_Work required_
Pictures stay out of the copy. Retype exactly, and only, the lines from the one containing "Relation between the" through the end of the listing below.

_Data_
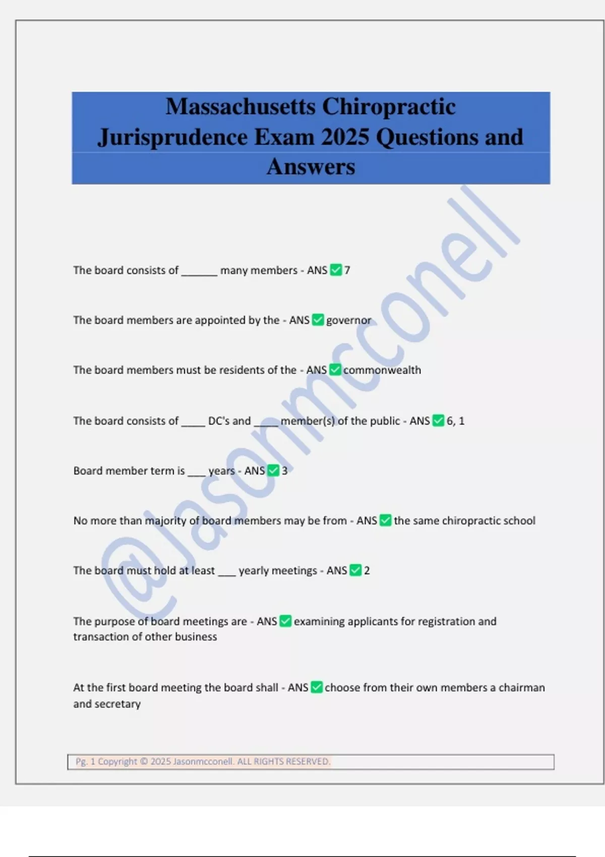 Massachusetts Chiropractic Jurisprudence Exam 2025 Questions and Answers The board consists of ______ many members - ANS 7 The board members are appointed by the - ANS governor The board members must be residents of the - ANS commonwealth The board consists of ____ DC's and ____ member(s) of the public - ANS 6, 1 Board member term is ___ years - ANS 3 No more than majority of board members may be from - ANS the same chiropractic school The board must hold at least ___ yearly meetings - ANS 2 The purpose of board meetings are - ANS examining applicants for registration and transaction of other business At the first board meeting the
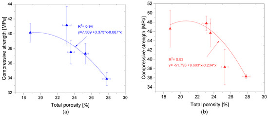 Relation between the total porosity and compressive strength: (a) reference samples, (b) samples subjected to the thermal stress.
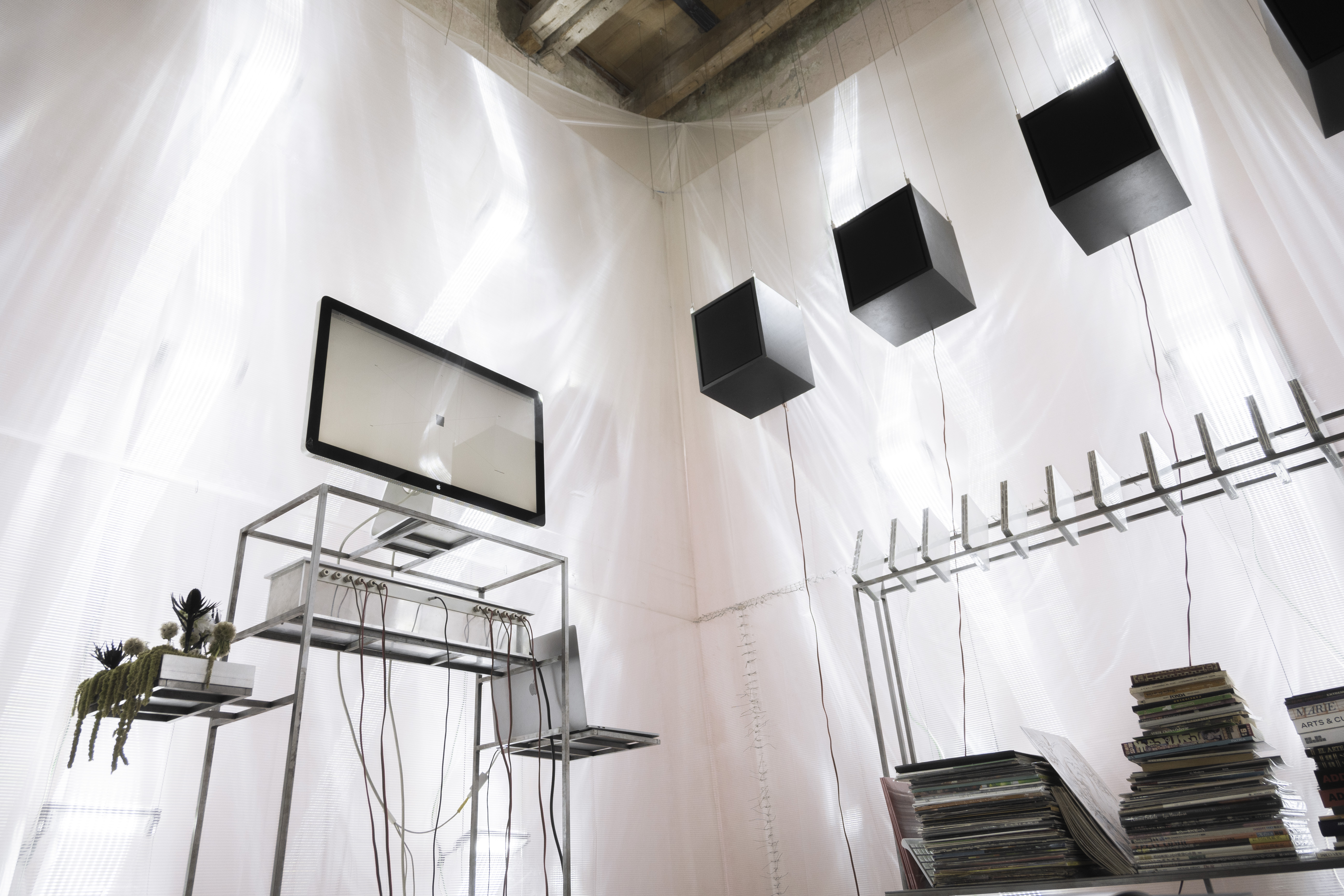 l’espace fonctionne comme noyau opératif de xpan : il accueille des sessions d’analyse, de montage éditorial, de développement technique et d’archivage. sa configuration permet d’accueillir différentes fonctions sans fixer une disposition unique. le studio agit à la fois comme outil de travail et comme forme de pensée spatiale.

_Response to this exercise_
 Relation between the total porosity and compressive strength: (a) reference samples, (b) samples subjected to the thermal stress.
 l’espace fonctionne comme noyau opératif de xpan : il accueille des sessions d’analyse, de montage éditorial, de développement technique et d’archivage. sa configuration permet d’accueillir différentes fonctions sans fixer une disposition unique. le studio agit à la fois comme outil de travail et comme forme de pensée spatiale.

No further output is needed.